Soft drinks bottles are displayed on a shelf in a shop in London in this file photograph dated April 24, 2013. Reuters/Suzanne Plunkett

Grattan Institute has published a report titled, "A sugary drinks tax: recovering the community costs of obesity," which suggests Australia should introduce tax on sugary drinks. According to the suggested sugar tax, the government should impose an excise tax of 40 cents per 100 grammes of sugar on water-based drinks that contain added sugar. It should be implemented to all non-alcoholic beverages.

Benefits of sugar tax in Australia

According to the Grattan Institute report, the new tax would help redress the imbalance between the dollars spent on healthcare and welfare and the tax raised by the government. Australian taxpayers have been paying more than $5.3 billion a year, which is spent on healthcare and welfare. Most beneficiaries of the tax are obese people. Obese people are also admitted to hospitals more often than other people. However, obese people are more likely to be unemployed, which also means that they pay less tax than the rest of the population.

The report said that the tax would raise about $500 million a year, recouping some of the costs of obesity to the community. It would also generate a fall of 15 percent in the consumption of sugar-sweetened beverages.

Obesity in Australia

The report revealed that one in four adults are now classified as obese. In the early 1980s, the ratio was only one is to ten.

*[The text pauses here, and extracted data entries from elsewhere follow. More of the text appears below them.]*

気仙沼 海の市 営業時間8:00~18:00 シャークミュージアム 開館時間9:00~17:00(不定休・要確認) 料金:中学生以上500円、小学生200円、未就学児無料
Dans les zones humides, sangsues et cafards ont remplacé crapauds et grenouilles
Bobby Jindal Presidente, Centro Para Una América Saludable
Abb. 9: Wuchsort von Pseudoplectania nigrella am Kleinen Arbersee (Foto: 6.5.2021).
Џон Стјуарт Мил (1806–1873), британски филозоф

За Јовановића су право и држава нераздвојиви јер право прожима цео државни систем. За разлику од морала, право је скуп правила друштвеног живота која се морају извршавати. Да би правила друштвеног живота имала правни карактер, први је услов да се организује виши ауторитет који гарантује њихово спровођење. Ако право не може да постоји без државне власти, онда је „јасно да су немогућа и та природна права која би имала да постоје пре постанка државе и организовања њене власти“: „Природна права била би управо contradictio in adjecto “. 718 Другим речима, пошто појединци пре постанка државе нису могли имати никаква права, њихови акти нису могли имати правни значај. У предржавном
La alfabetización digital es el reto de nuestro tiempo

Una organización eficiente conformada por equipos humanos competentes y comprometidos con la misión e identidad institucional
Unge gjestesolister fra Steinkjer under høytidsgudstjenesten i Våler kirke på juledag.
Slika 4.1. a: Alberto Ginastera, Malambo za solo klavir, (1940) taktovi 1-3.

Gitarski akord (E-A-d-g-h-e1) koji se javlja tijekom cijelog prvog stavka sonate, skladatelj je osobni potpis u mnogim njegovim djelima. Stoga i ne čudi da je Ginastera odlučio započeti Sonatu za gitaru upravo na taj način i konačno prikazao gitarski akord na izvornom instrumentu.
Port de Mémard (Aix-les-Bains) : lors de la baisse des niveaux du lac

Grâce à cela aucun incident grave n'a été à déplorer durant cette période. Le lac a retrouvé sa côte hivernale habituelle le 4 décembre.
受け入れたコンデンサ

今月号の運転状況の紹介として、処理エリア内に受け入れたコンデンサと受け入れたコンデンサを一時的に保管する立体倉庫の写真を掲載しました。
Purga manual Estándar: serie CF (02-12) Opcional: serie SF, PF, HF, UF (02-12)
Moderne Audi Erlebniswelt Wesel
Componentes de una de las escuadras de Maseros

However, it is more worrying to know about seven percent of Australia's children are obese.

According to the Australian Institute of Health and Welfare (AIHW), there are 10 percent more adults who are overweight or obese than in 1995. There are 15 percent more people living in outer regional and remote areas who are overweight or obese than people living in major cities.

AIHW also revealed that overweight and obesity with high BMI is the second largest contributor to burden of disease. The top one contributor is the dietary risks while smoking is ranked at number three.

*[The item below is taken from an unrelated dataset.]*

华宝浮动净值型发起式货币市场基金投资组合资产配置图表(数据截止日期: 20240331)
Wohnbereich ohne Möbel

Burden of disease analysis is a modelling technique combining multiple data sources to count to compare the total fatal burden (impact of premature death) and non-fatal burden (impact of ill-health) health loss from diseases and injuries in a population.

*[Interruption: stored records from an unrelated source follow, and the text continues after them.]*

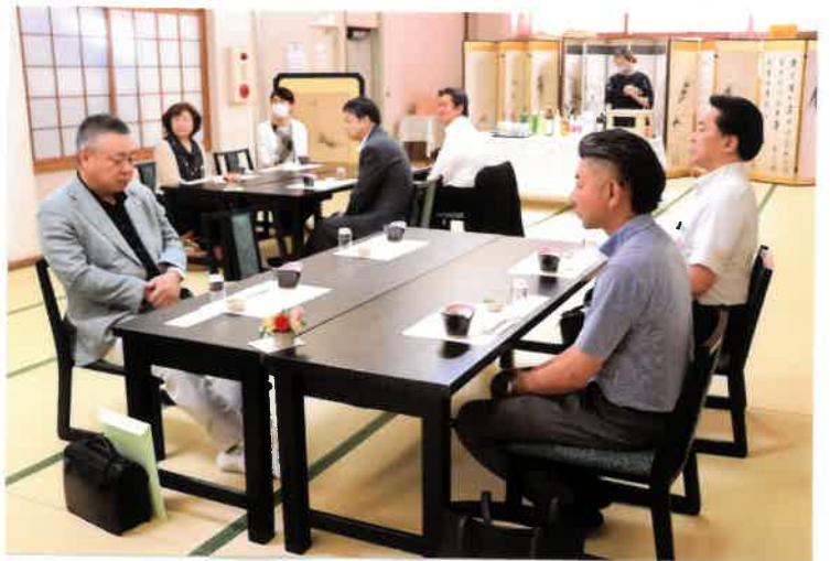
活力 100% 力漲る 16 名の皆様で
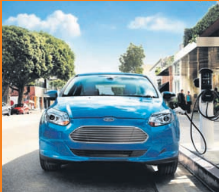
Ford Focus EV í hleðslu.
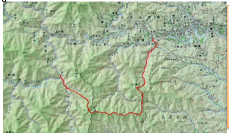
当日のルートです
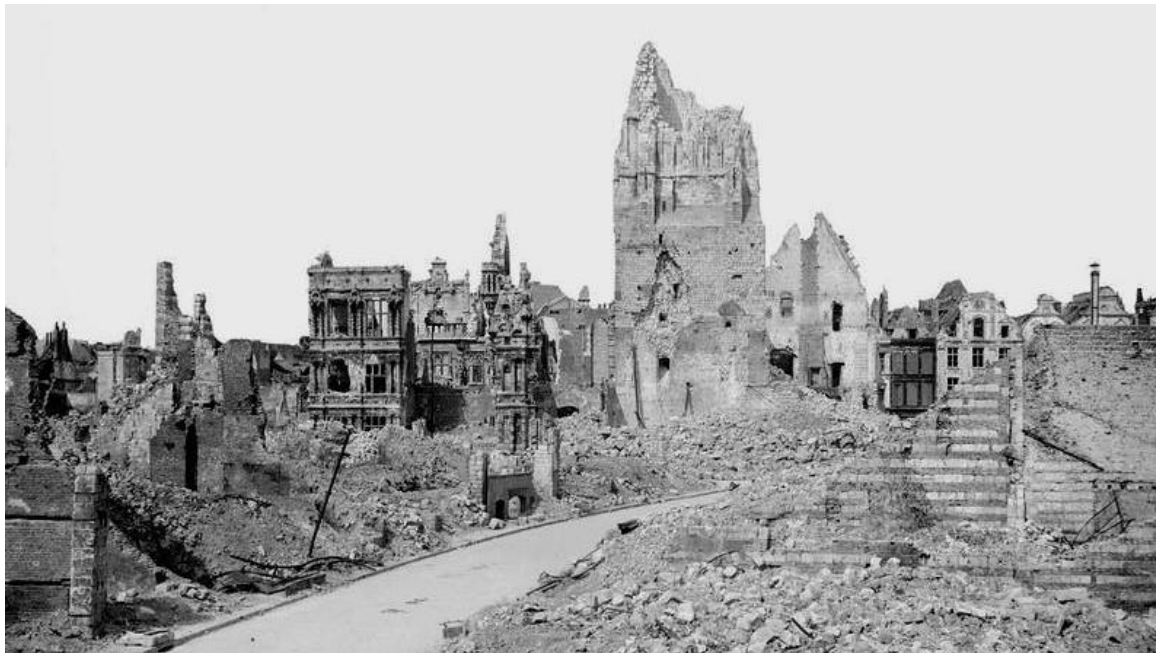
Ruinerne af rådhuset i Arras 26. maj 1917.
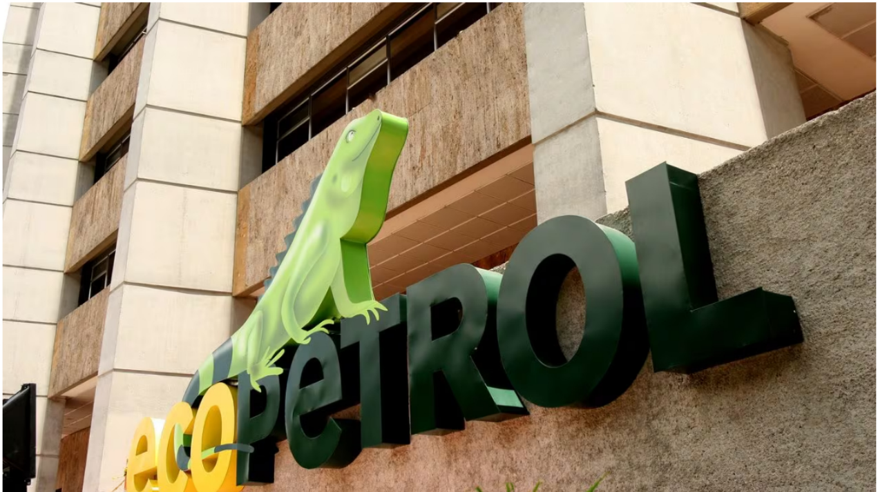
La junta de la petrolera, de mayoría estatal, explicó que la empresa ya tenía un "contrato suscrito con PDVSA desde el año 2007, con vigencia a 31 de diciembre de 2027".

Recientemente se desató una polémica en el país por cuenta de la propuesta del presidente de la República, Gustavo Petro, en su reciente visita a Venezuela, donde sostuvo una reunión con su homólogo Nicolás Maduro respecto a la posibilidad de asociar a Ecopetrol con la petrolera venezolana PDVSA.

Sugar tax in other countries

Scandinavian countries, France, Hungary and Mexico are among the countries implementing the sugar tax. United Kingdom will follow suit but it will be implemented in 2018. Countries including India, South Africa, Philippines and Indonesia are also considering implementing it.

“Obesity is one of the great public health challenges of modern Australia, and so this is a reform whose time has come, Stephen Duckett, Grattan Institute Health Program Director, said in a statement. “We target these drinks because most of them contain no nutritional benefit.”

“How we use the money is a debate for later. For now, Australia should introduce this tax because it offers twin benefits: It will reduce the number of people who become obese and it will ensure fewer taxpayer dollars have to be spent on the damage done by obesity.” Duckett said.